Set down exactly the lines that run from the one containing "In the upper" to the end of the material below, both included, without pictures.

§ **Supplied information**:
════════
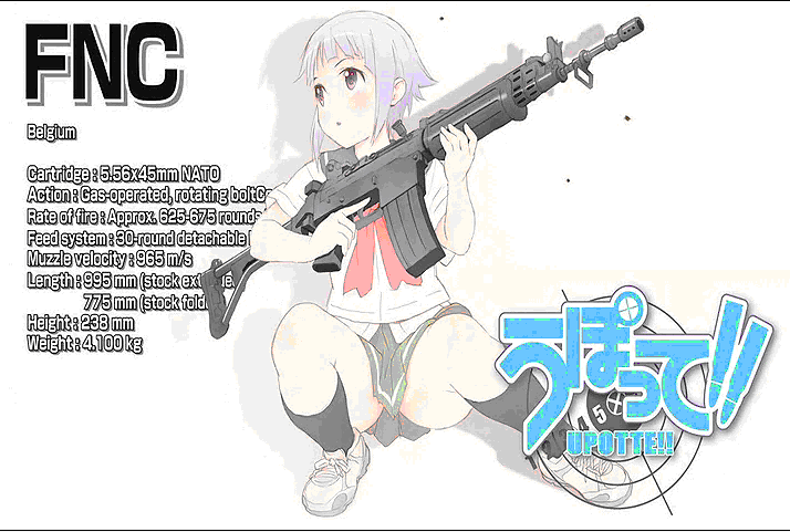 枪支拟人化自然充满吐嘈点和各种二次演绎的可能。FNC,对于只知道AK和M16的外行开说确实是没有听到过,但是看到FNC在《军火女王》里露过脸于是觉得FNC可能真的很受欢迎吧。首先是这个枪械的拟人化设定初看真是摸不着头脑甚至难以接受,因为难以想象。但是就像那句名言说的那样,”一旦接受了这个设定,还挺带感的“,所以在这个设定习以为常之后,也就不去纠结其中的不合理了。话说这片子确实科普了不少的枪械知识,特别是AK系列M16和L85系列。突击步枪于萌妹子,虽然有比较大的卖萌成分,但是这种反差的搭配再暗地里能抓住不少人的新。
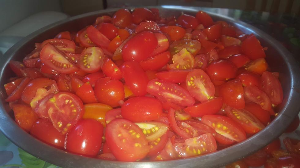 Poi si tagliano i pomodori in 2 o 4 parti, a seconda della dimensione Allegato:
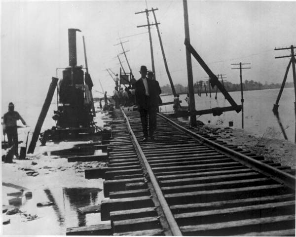 A hurricane or the like apparently wreaked some havoc in this vicinity with crews making repairs. A double arm, 10-pin telephone openwire line extended along the right crossing this waterway. Note the fortified poles and supporting ones having partially exposed heavy-duty concrete footings! |
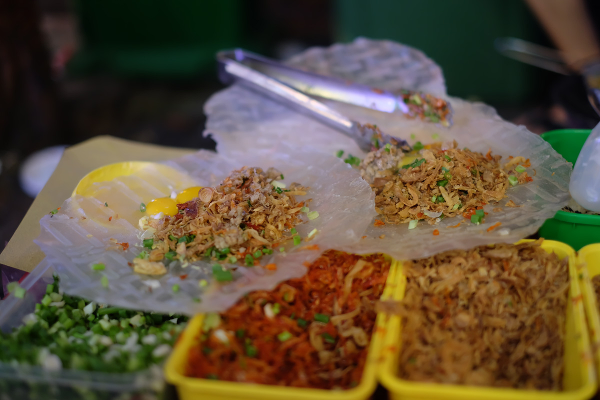 เราจบค่ำคืนนี้ด้วยการกินชานมไข่มุกร้านโปรด Share Tea และการกิน ฺBanh Trang Nuong (เป็นเหมือนแผ่นปอเปี๊ยสดเอาไปย่างใส่ไข่ใส่เครื่องต่างๆ)
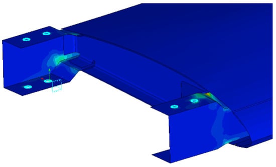 Figure 17. Details of the failure index of the material in the area of the root joint bolts (higher values). Maximum (red) = 0.273; minimum (blue) = 4 × 10−4.
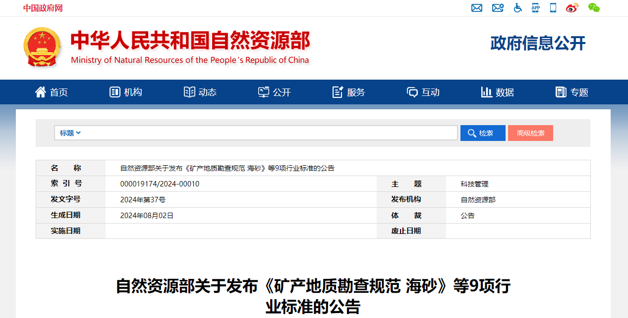 《礦產(chǎn)地質(zhì)勘查規(guī)范 海砂》等9項(xiàng)行業(yè)標(biāo)準(zhǔn)已通過(guò)全國(guó)自然資源與國(guó)土空間規(guī)劃標(biāo)準(zhǔn)化技術(shù)委員會(huì)和全國(guó)珠寶玉石標(biāo)準(zhǔn)化技術(shù)委員會(huì)審查,經(jīng)2024年第5次部長(zhǎng)辦公會(huì)審議通過(guò),現(xiàn)予批準(zhǔn)、發(fā)布,自2024年10月1日起實(shí)施。標(biāo)準(zhǔn)編號(hào)及名稱(chēng)如下:
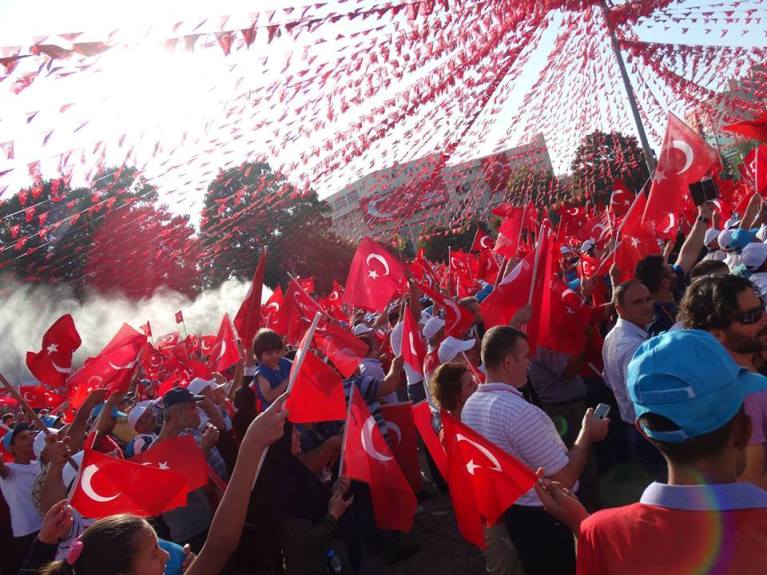 Yürüyüş korteji oluşturarak, “NE MUTLU TÜRKÜM DİYENE, VATAN SANA CANIM FEDA, TÜRKİYE SEVDAMIZ VATAN İÇİN KAVGAMIZ sloganları eşliğinde demokrasi meydanına yürüdük.
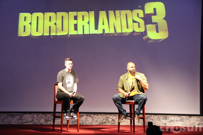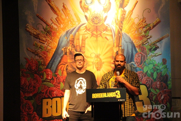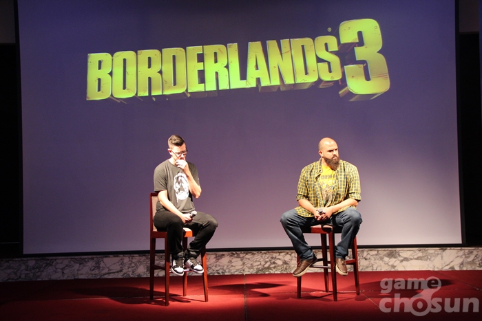 시연회에는 게임을 개발한 기어박스 소프트웨어의 시니어 프로듀서 '앤소니 니콜슨(Anthony Nicholson)'과 아트 디렉터 '스캇 케스터(Scott Kester)'가 참석하여 직접 보더랜드 프렌차이즈의 역사와 특징, 보더랜드3의 지향점을 이야기하는 시간을 가졌다.
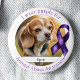 In the upper right of the border, a purple awareness ribbon adds a recognizable symbol of support and solidarity. At the center of the pin is a customizable photo area, giving you space to feature a captioned picture of your furry friend. Whether you add their name, a special date, or a short tribute, this personalized detail transforms the button into a powerful statement of love and protection. Perfect for awareness events, shelter fundraisers, or everyday advocacy, this pin helps you carry your message—and your pet—close to your heart.
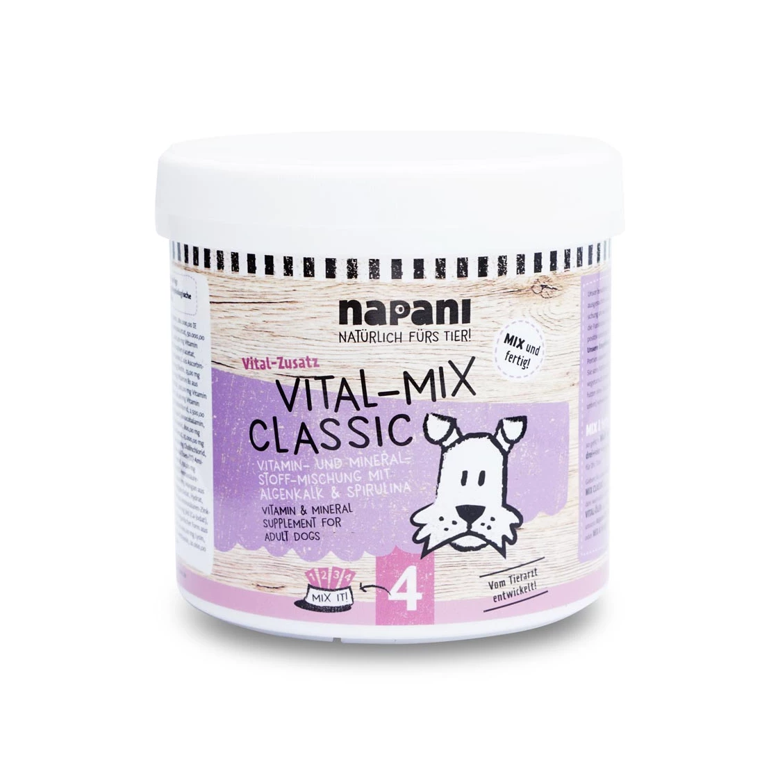 Vår Vital-Mix Classic ger din hund alla viktiga mineraler och vitaminer. Tillsammans med våra högkvalitativa eteriska oljor blir våra menyer (utan mineraltillsatser) och vår baslivsmat med rent kött ett komplett foder. Blandningen ger din hund viktiga mikronäringsämnen såsom spårämnen, vitaminer och mineraler.
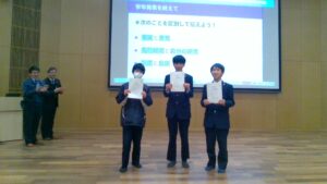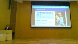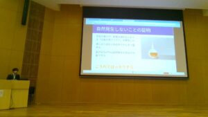 中1最後のイベントとして、理科発表会を実施しました。それぞれ興味のある研究について、自分で調べ、研究を理解し、その研究が自分の生活にいかに密接に関係しているのか、面白いポイントは何かなどをプレゼンテーションしました。全員が各クラスで発表し、そのなかの代表がこの日の学年発表会で発表しました。ノーベル賞やイグノーベル賞をもらった研究をかみ砕いて一生懸命説明する様子は、中学1年生とは思えない堂々としたものでした。
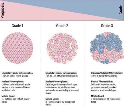 Grading: Pathologists assess how different the cancer cells look from normal breast cells. Grade 1 means the cells are well-differentiated, Grade 2 is moderately differentiated, and Grade 3 is poorly differentiated. The lower the grade, the slower the cancer is likely to grow and spread.
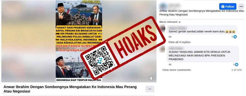 Beredar unggahan di media sosial Facebook narasi yang mengeklaim bahwa Presiden Prabowo kerahkan kapal perang KRI Brawijaya-320 dan KRI Prabu Siliwangi-321 untuk melindungi Ambalat dari Malaysia.
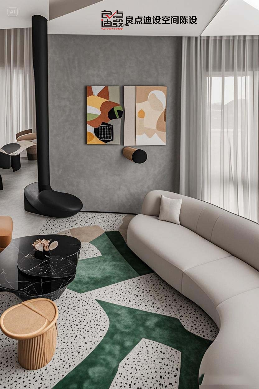 灰白客廳美到炸!弧形沙發(fā)+綠意地毯,這才是簡約天花板!
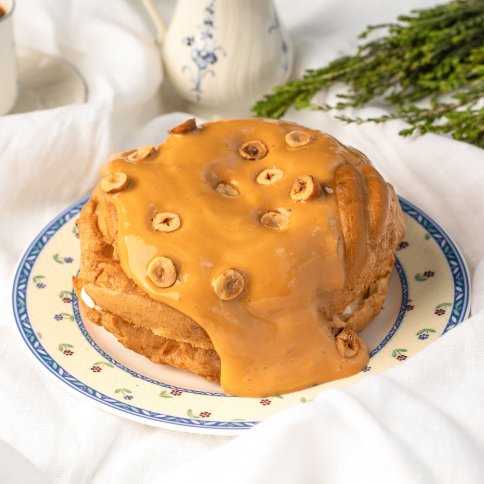 Воздушное кольцо из заварного теста с кремом на основе сгущённого молока, украшенное обжаренным фундуком, лёгкий десерт с тёплой ноткой карамели и ореховой сладости
════════
§ **Solution below**:
 In the upper right of the border, a purple awareness ribbon adds a recognizable symbol of support and solidarity. At the center of the pin is a customizable photo area, giving you space to feature a captioned picture of your furry friend. Whether you add their name, a special date, or a short tribute, this personalized detail transforms the button into a powerful statement of love and protection. Perfect for awareness events, shelter fundraisers, or everyday advocacy, this pin helps you carry your message—and your pet—close to your heart.
 Vår Vital-Mix Classic ger din hund alla viktiga mineraler och vitaminer. Tillsammans med våra högkvalitativa eteriska oljor blir våra menyer (utan mineraltillsatser) och vår baslivsmat med rent kött ett komplett foder. Blandningen ger din hund viktiga mikronäringsämnen såsom spårämnen, vitaminer och mineraler.
 中1最後のイベントとして、理科発表会を実施しました。それぞれ興味のある研究について、自分で調べ、研究を理解し、その研究が自分の生活にいかに密接に関係しているのか、面白いポイントは何かなどをプレゼンテーションしました。全員が各クラスで発表し、そのなかの代表がこの日の学年発表会で発表しました。ノーベル賞やイグノーベル賞をもらった研究をかみ砕いて一生懸命説明する様子は、中学1年生とは思えない堂々としたものでした。
 Grading: Pathologists assess how different the cancer cells look from normal breast cells. Grade 1 means the cells are well-differentiated, Grade 2 is moderately differentiated, and Grade 3 is poorly differentiated. The lower the grade, the slower the cancer is likely to grow and spread.
 Beredar unggahan di media sosial Facebook narasi yang mengeklaim bahwa Presiden Prabowo kerahkan kapal perang KRI Brawijaya-320 dan KRI Prabu Siliwangi-321 untuk melindungi Ambalat dari Malaysia.
 灰白客廳美到炸!弧形沙發(fā)+綠意地毯,這才是簡約天花板!
 Воздушное кольцо из заварного теста с кремом на основе сгущённого молока, украшенное обжаренным фундуком, лёгкий десерт с тёплой ноткой карамели и ореховой сладости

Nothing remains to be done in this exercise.